Start to finish, return the listing below exactly, pictures excluded.
[Opening DATASET CONTENT section]
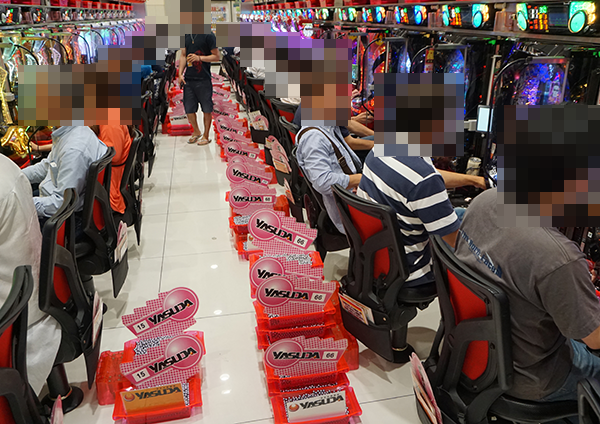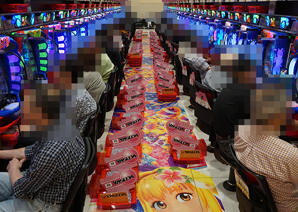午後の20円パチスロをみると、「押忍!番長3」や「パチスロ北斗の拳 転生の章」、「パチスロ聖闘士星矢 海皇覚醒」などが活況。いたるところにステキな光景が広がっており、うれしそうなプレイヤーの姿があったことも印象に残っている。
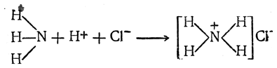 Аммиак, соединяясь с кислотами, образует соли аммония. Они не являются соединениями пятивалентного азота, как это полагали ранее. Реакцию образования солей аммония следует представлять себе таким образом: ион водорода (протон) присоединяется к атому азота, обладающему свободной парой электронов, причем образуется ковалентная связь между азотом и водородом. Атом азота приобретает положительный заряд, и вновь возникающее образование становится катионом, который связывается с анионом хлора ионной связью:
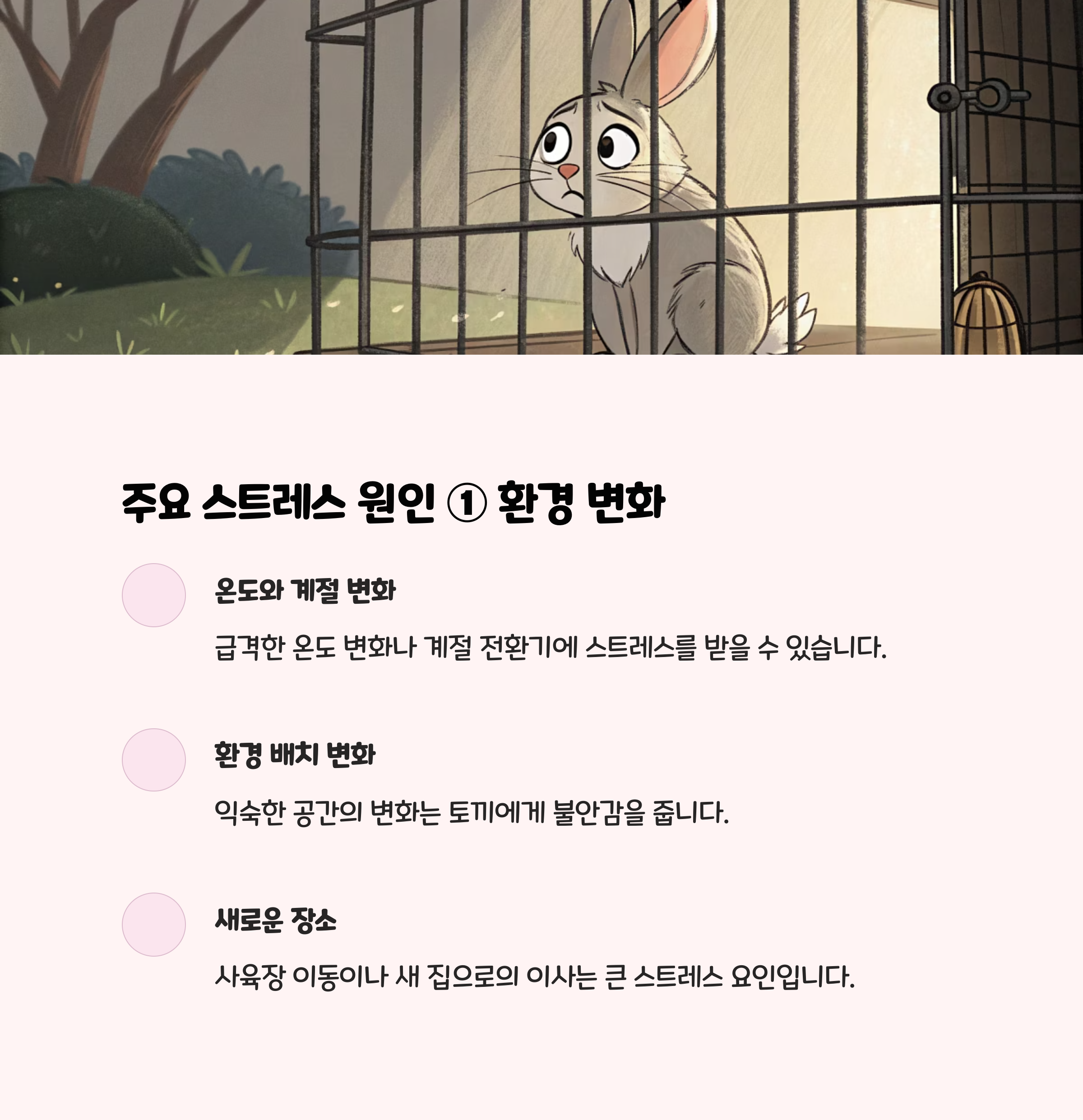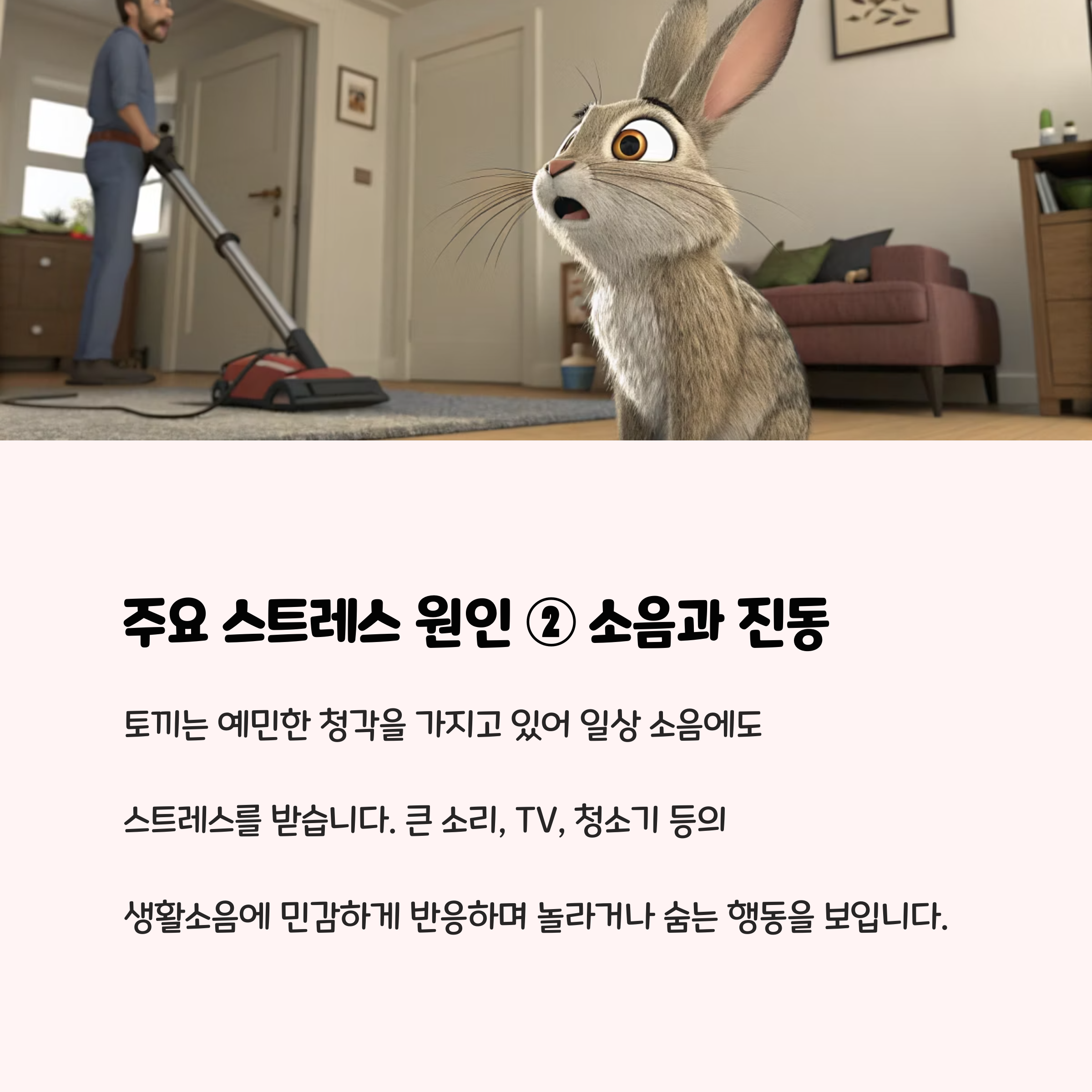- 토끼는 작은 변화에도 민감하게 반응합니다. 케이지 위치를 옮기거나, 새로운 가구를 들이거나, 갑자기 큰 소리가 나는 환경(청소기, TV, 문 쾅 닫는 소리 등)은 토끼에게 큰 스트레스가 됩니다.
[Closing DATASET CONTENT section]
* ANSWER BOX *
午後の20円パチスロをみると、「押忍!番長3」や「パチスロ北斗の拳 転生の章」、「パチスロ聖闘士星矢 海皇覚醒」などが活況。いたるところにステキな光景が広がっており、うれしそうなプレイヤーの姿があったことも印象に残っている。
 Аммиак, соединяясь с кислотами, образует соли аммония. Они не являются соединениями пятивалентного азота, как это полагали ранее. Реакцию образования солей аммония следует представлять себе таким образом: ион водорода (протон) присоединяется к атому азота, обладающему свободной парой электронов, причем образуется ковалентная связь между азотом и водородом. Атом азота приобретает положительный заряд, и вновь возникающее образование становится катионом, который связывается с анионом хлора ионной связью:
- 토끼는 작은 변화에도 민감하게 반응합니다. 케이지 위치를 옮기거나, 새로운 가구를 들이거나, 갑자기 큰 소리가 나는 환경(청소기, TV, 문 쾅 닫는 소리 등)은 토끼에게 큰 스트레스가 됩니다.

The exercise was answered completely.